В двадцатых годах Пепа с Элизабет уехали в Берлин, а Эдит осталась с бабушкой и дедушкой в Вене. В Берлине у Пепы случился изнурительный роман с известным сюрреалистом. Чтобы избавить Пепу от травмы сексуальной зависимости, Зигфрид Бернфельд влюбил ее в себя. При этом он жил с ее сестрой Элизабет, на которой в 30-м году женился. Жениться на обеих он не мог, к тому же Пепа номинально была замужем за Крамером. Во всей этой неразберихе и росла Эдит.
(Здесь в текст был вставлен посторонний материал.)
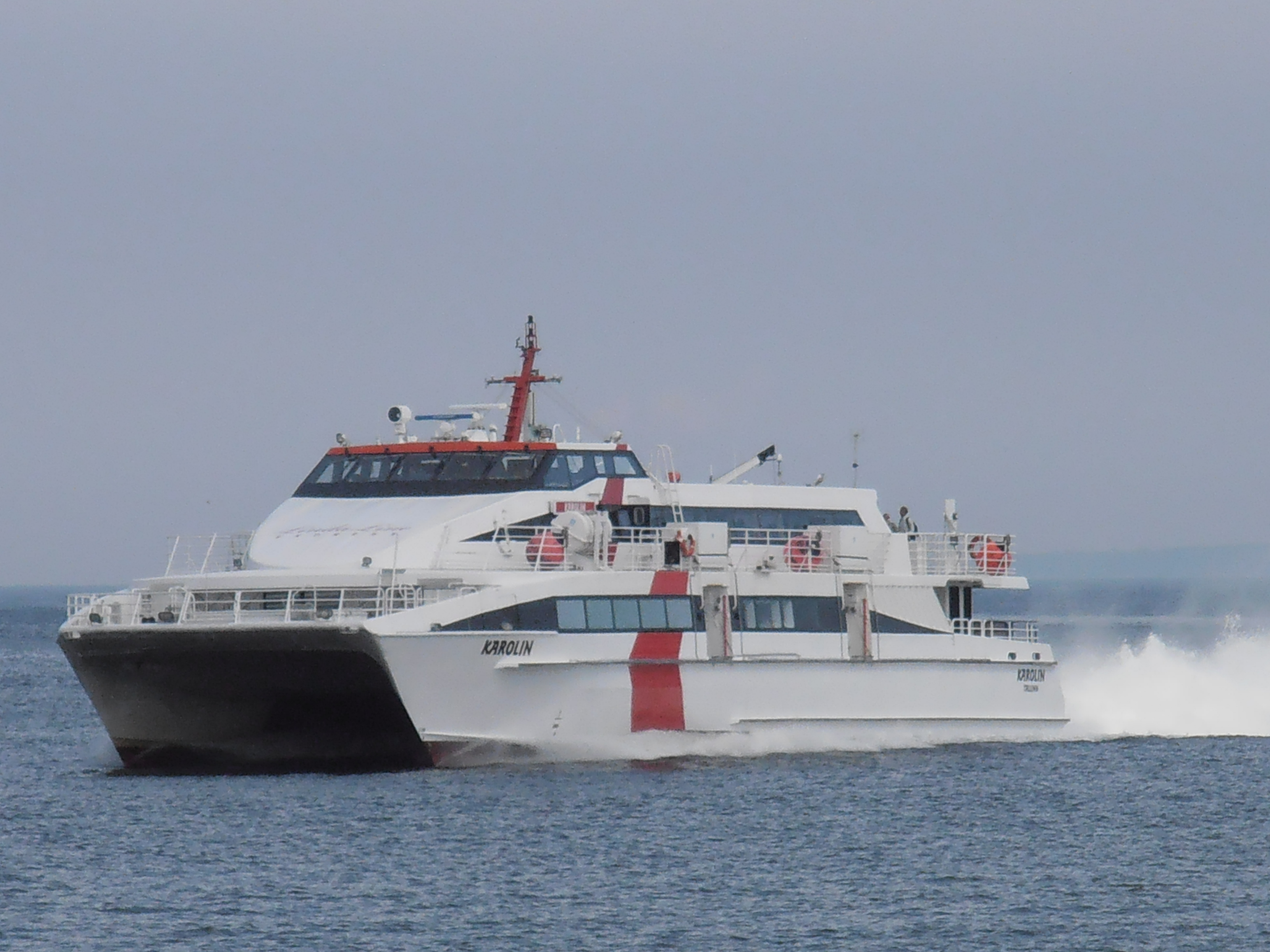 Karolin arriving in Tallinn 2 July 2012
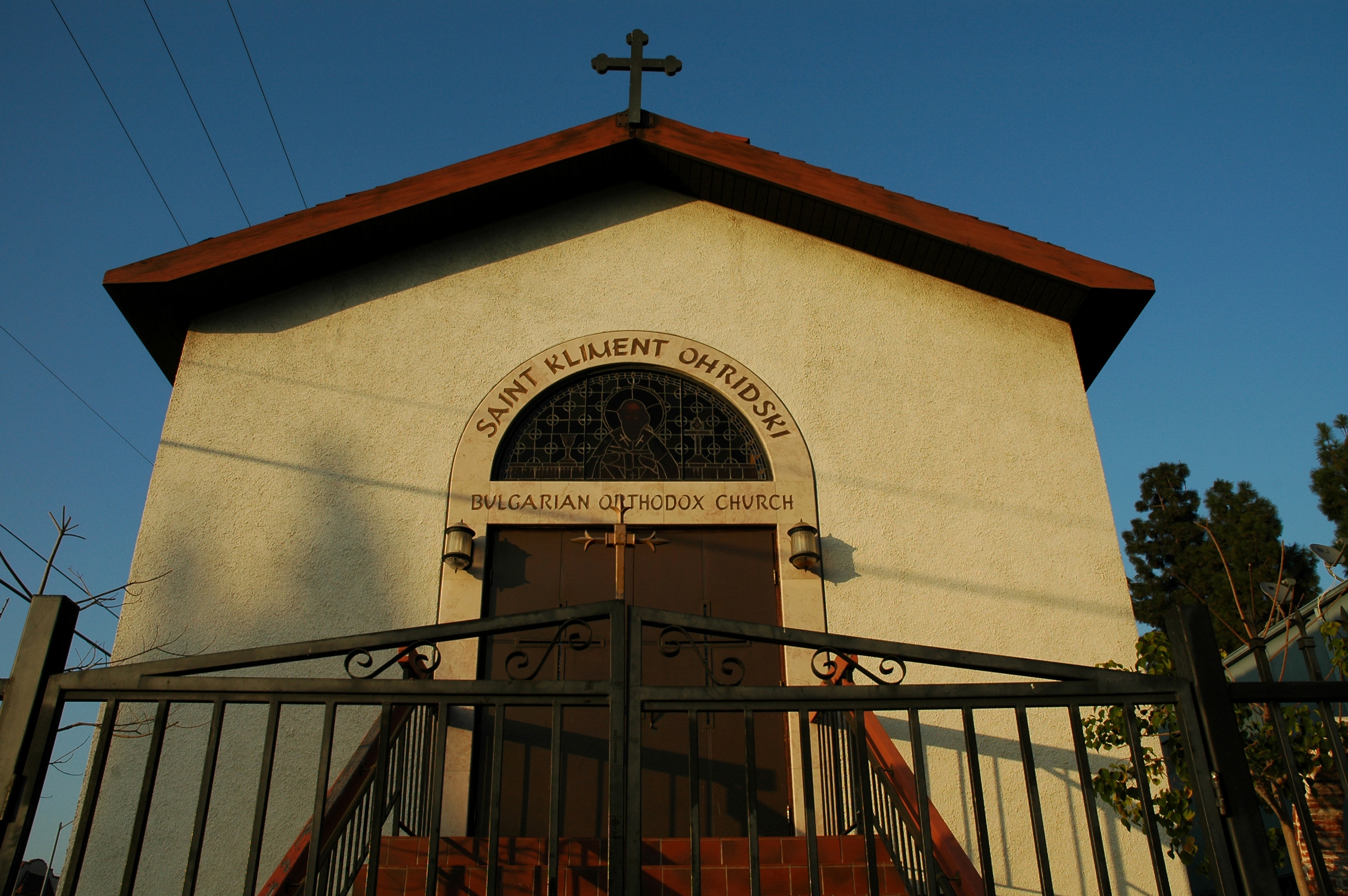 A Bulgarian church on Bronson Avenue near Santa Monica Boulavard.
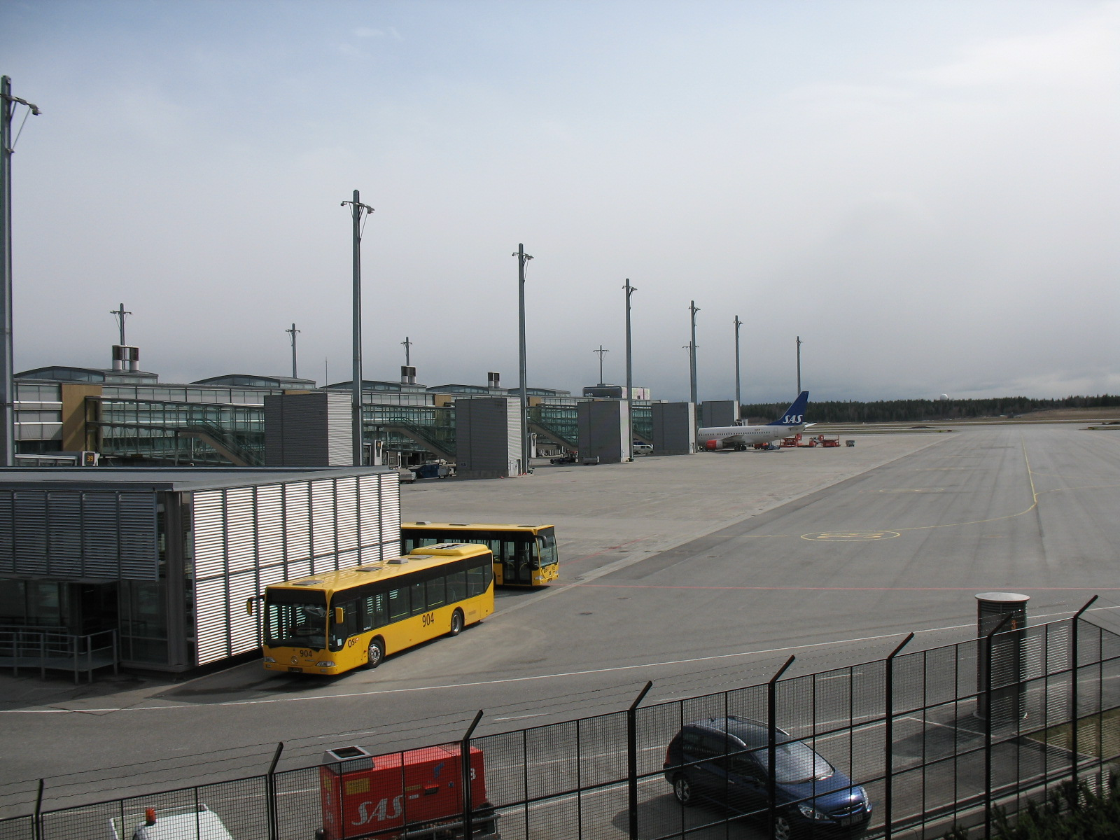 Passenger terminal and apron at Oslo Airport.
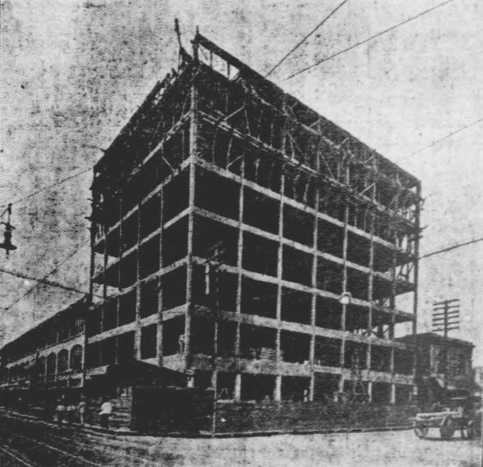 Blount Building, Pensacola, Florida, under construction, 1907-1908
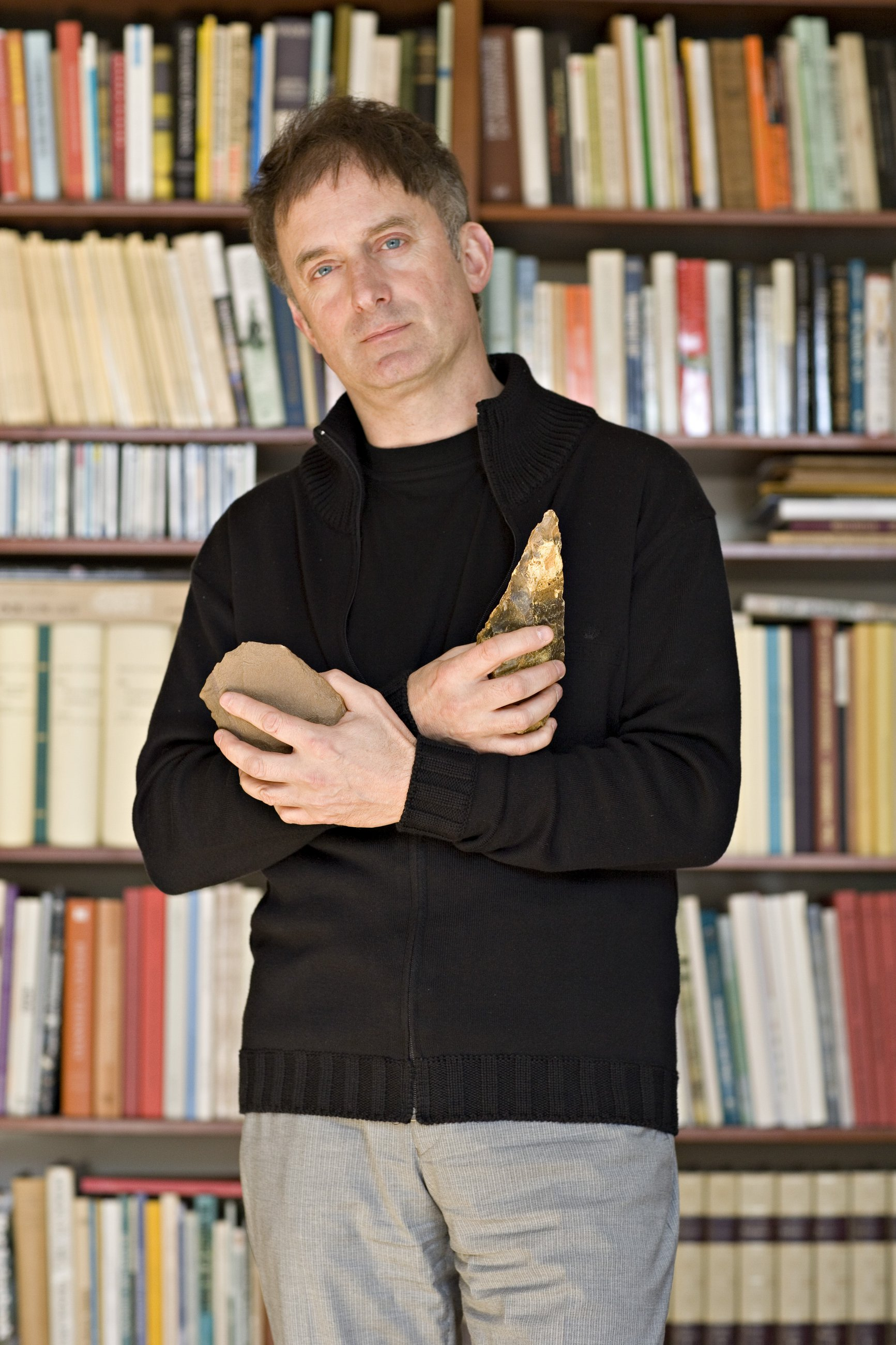 Dutch archeologist Wil Roebroeks 2007
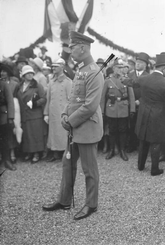 Lieutenant Colonel von Hindenburg, the president's son, after his accident while riding in the Tiergarten (he suffered an accident that broke several ribs). He had to stay in bed for several weeks.
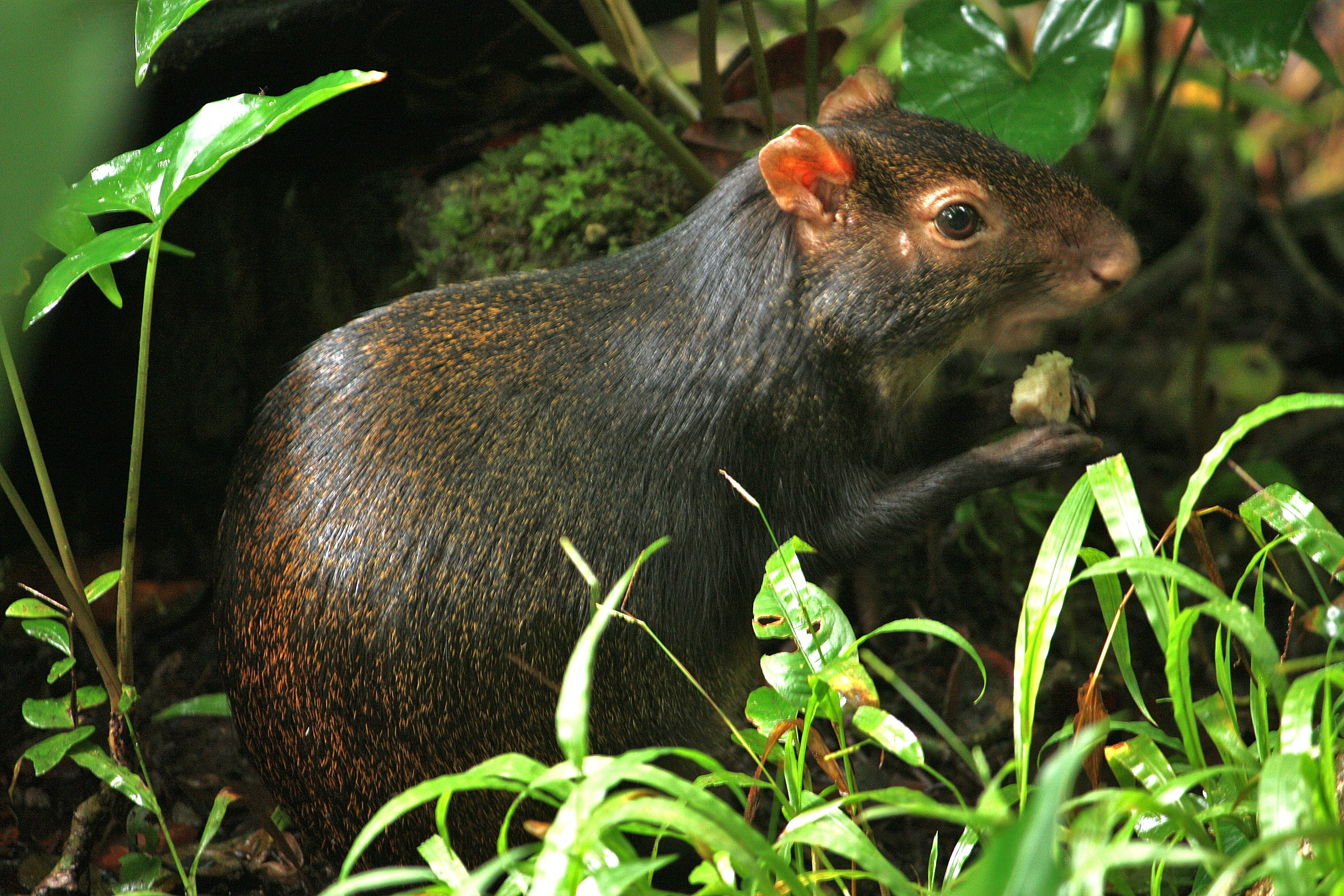 Brazilian Agouti (Dasyprocta leporina) feeding; on border of Mornes Trois Pitons National Park, Dominica.

Бернфельд был уверен, что наступает новая эра, в которой будет пересмотрены ключевые понятия – семья, роль женщины и в первую очередь сексуальные отношения. Влечение, как голод и жажда, должно быть удовлетворено. Неудовлетворенность вызывает невроз. В моем пересказе это звучит как пошлая агитка. Но все мы: и Труда Хаммершлаг, ушедшая с головой в изучение детских рисунков, и психоаналитик Анни Райх, объяснившая мое поведение гипертрофированным чувством вины, – были заворожены Бернфельдом.
Обилие имен и невнятно очерченных событий вызывают задержку дыхания. Говорить все, что приходит на ум, полезно разве что для психоанализа. Произведение искусства строится по иным законам. В чистой форме нет мусора, нет соединительных швов. Но готовое совершенство практически никому не доступно. Ибо отсутствует масштаб, необходимый для анализа вещи.
31. Труда Хаммершлаг
Она младше меня на год, умней на все сто. Яркая еврейская девушка, орлиный нос, лучистые глаза, мужской пиджак, белая рубашка, галстук в клеточку. У нее все шло с опережением графика: рано вышла замуж, рано начала преподавать, в 23 года написала диссертацию о сути детского рисунка, в тридцать один умерла. Она смотрела на детей и их творчество как психолог, ее занимала не эстетика рисунков, а их будничная суть. Меня же в ту пору волновала лишь художественность. Я начала интенсивно заниматься с детьми после того, как Труды не стало. Все, о чем мы говорили, все, что я читала у нее, стало находить подтверждение.
В Терезине, в снежной замети, я увидела Труду. Постаревшее, но хорошо узнаваемое лицо. Мы стоим в очереди за едой. Я слышу, что она говорит молодой воспитательнице из нашего детского дома: «У девочки на рисунке закрыты все окна, хорошо бы их открыть». В умопомрачении произношу имя «Труда». Она оборачивается. Смотрит на меня и не узнает. Потому что это другая Труда. Ее фамилия Баумел. Моя одногодка, психолог из Праги. Под ее руководством я научусь анализировать детские рисунки.
У одного ребенка возник дом с наглухо закрытыми окнами и дверьми, одиноким цветком, платьицем и мебелью; все без связи, без пространственных отношений друг с другом. Этот ребенок приехал из дома сирот, где с детьми очень жестоко обращались, их постоянно держали взаперти и все их вещи, включая деньги, у них отбирали и прятали. Спустя некоторое время в Терезине, где ребенок приобрел хороших воспитателей, на его рисунках появился уютный столик с лампой, в комнате на стене висит картина. Вещи связаны воедино, их много. Вместо сухих штрихов появились линии, имеющие толщину и наполненность (не отрывисты). Также в лучшую сторону изменились и другие дети.
Как было замечено одной очень любимой воспитательницей, дом (по словам доктора Баумел, дом всегда означает самого ребенка) на первом рисунке отправлен в самый угол, его двери закрыты, окна пусты, линии имеют депрессивный наклон. На втором рисунке, после того как ребенок пришел в себя от оцепенения, в условиях благоприятного обращения, дом вернулся на середину листа, на окнах – занавески, на двери – глазок, на лугу – цветы, и даже солнце нарисовано не так бегло, как на первом рисунке.